- **INSTRUCTIONS FOR THE TASK**
Reproduce, without alteration, every line of the data; exclude the images.

- **DATA SEGMENT**

◇ ◇ ◇ ◇ ◇

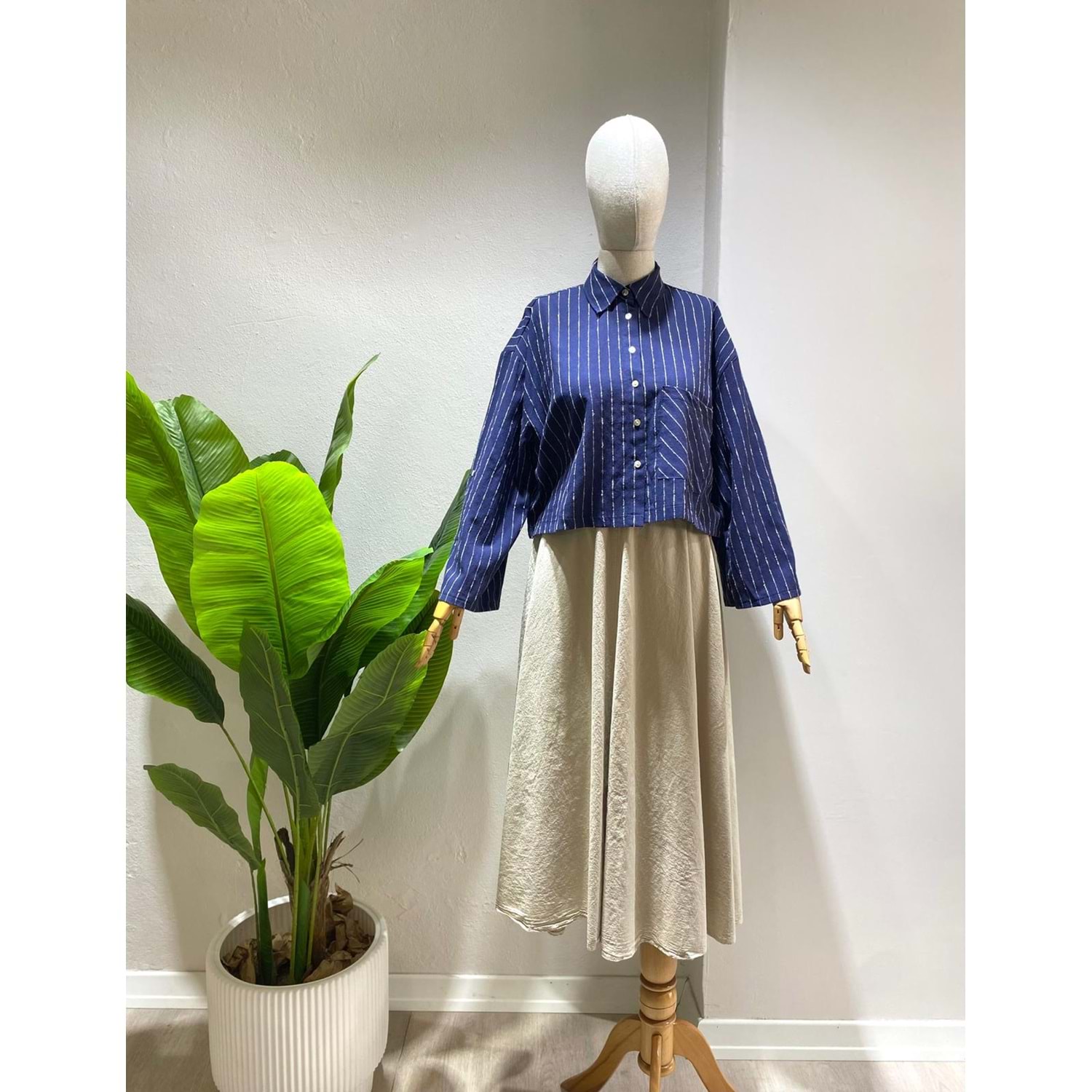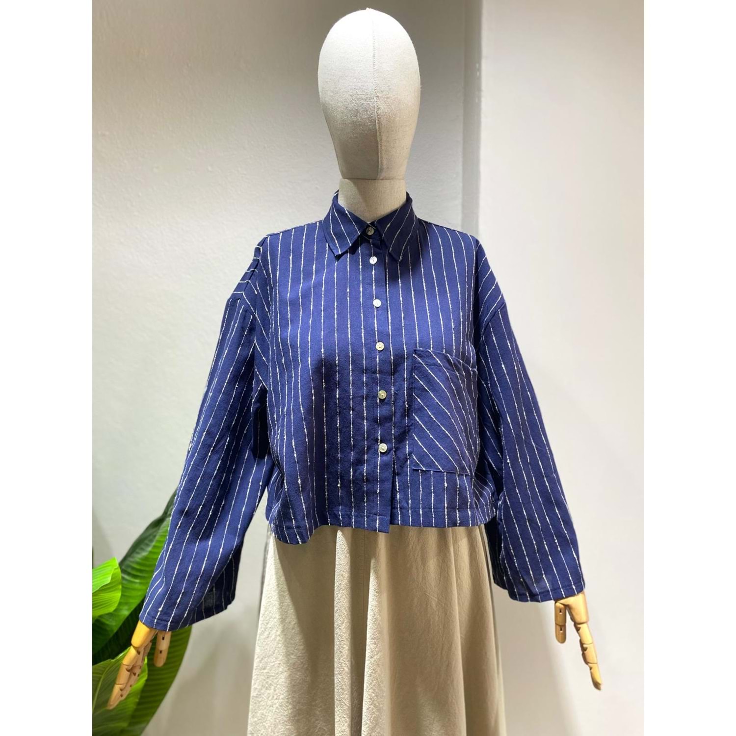 Doğal keten dokusu ve rahat kesimiyle öne çıkan çizgili crop gömlek, günlük şıklığı sevenler için ideal. Lacivert tonunun soft görünümü sayesinde her kombine kolayca uyum sağlar.
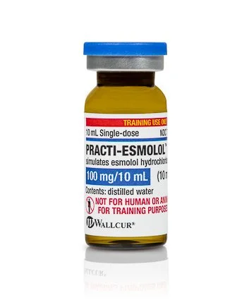 Practi-Esmolol™ for clinical training. Practi-Esmolol™ 100 mg/10mL tint vial is a distilled water 10 mL amber glass vial simulating the light-sensitive drug esmolol (Brevibloc®), a beta blocker used to treat heart rhythm problems or slow down a fast heartbeat and treat high blood pressure during or after surgery.
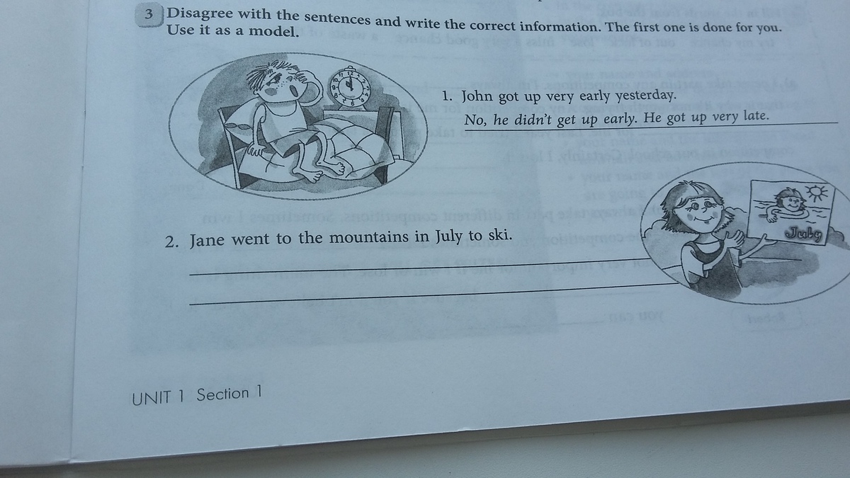 No, he didn't go to the mountains to ski in Julie. He go to the sea or swimming pool in Julie.

◇ ◇ ◇ ◇ ◇

- **RESPONSE TO THE EXERCISE**
 Doğal keten dokusu ve rahat kesimiyle öne çıkan çizgili crop gömlek, günlük şıklığı sevenler için ideal. Lacivert tonunun soft görünümü sayesinde her kombine kolayca uyum sağlar.
 Practi-Esmolol™ for clinical training. Practi-Esmolol™ 100 mg/10mL tint vial is a distilled water 10 mL amber glass vial simulating the light-sensitive drug esmolol (Brevibloc®), a beta blocker used to treat heart rhythm problems or slow down a fast heartbeat and treat high blood pressure during or after surgery.
 No, he didn't go to the mountains to ski in Julie. He go to the sea or swimming pool in Julie.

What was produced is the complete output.